JAPANESE ARE said to be the most hardworking. This was the only native trait of Tomoko Okamura's Bharatanatyam performance at the Music Academy Mini Hall. Her big, expressive eyes, her footwork and movements appeared classically Indian.

On stage, she seemed to be at ease with the art form. But sans make up, at her Guru's dance school in Chennai, the strain of trying to imbibe the spirit of an alien culture showed on her face, even as her Guru, Uma Sundaram raved about Tomoko's hardwork - "I have students coming from many countries and all of them insist on taking a long break to go around India, but not the Japanese. These students refuse to take even a day off. Their enthusiasm is overwhelming".

Smiling coyly at the compliment, Tomoko says that there are quite a few from Japan who learn Bharatanatyam from various teachers in the city.

More interesting is Tomoko's love for Urdu with a graduate's degree in the language. But people's queries on why she chose Bharatnatyam and not Kathak seem to puzzle her.

"I have never tried to relate Urdu and dance, they are two different interests," she says. The artiste in Tomoko refuses to see the religious connotations of her pursuits. "I decided to study Urdu when I heard some Pakistanis in Japan speak," she says. "We have in our university professors to teach foreign languages, if the students wish to study them".

Sitting in the university library one day, Tomoko chanced upon a magazine on India and read through a piece on the natural beauty, arts, dance and music of Kerala.

The next thing she did was to take up a job, earned some money and set off to Kerala. Here she saw a ten-year-old girl dancing in a small gathering and found the music and movements so enchanting that she decided to return to India to learn Bharatanatyam. Tomoko took her initial lessons in the art from Yoko Ozawa, a Japanese conducting Bharatanatyam classes in Tokyo.
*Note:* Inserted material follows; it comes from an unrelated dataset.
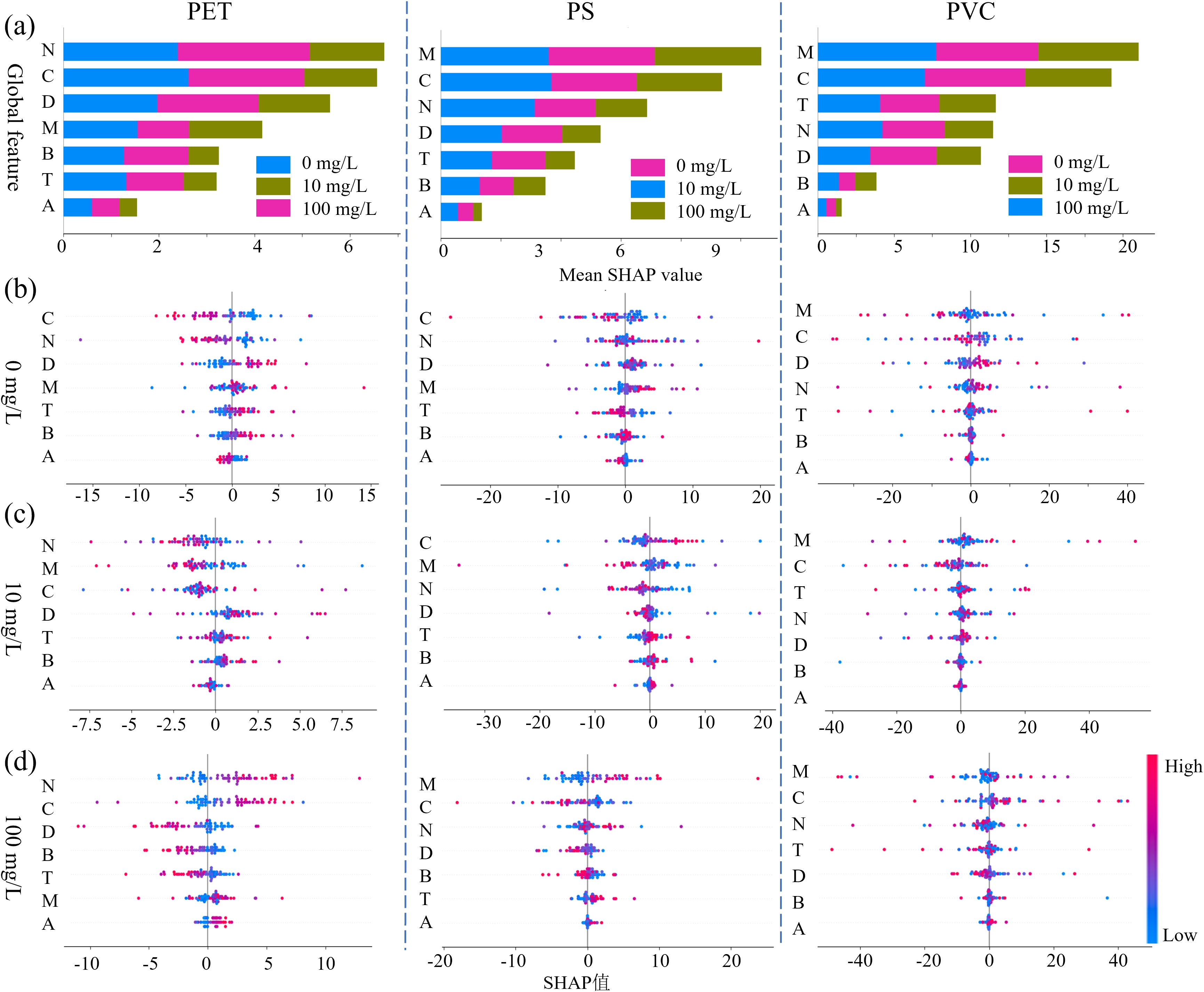 Figure 8. Feature importance distribution based on SHAP values for (a) the overall dataset, (b) the control group, (c) the 10 mg/L group, and (d) the 100 mg/L group.

Later, she went to Ahmedabad and continued her training under Mrinalini Sarabhai, where she had her arangetram in 1997 before coming to Chennai.

Has she ever felt confused trying to understand the three religions - Islam through the study of Urdu, Hinduism through dance and her Buddhist roots?

"Never," she asserts. "Don't look at them, look into them and you will find it's the same values and emotions that guide us all. Bhakthi is common to all. We all pray and meditate," she philosophises.

Tomoko has her task cut out for the future - to share this understanding through dance with fellow citizens. She's aware it is not easy.

"May be not difficult either. May be, I can talk about Buddha (one of the Dasaavatars as described in the Gita) and his teachings through Bharatanatyam and bring the Japanese closer to this ancient Indian art,"declares Tomoko.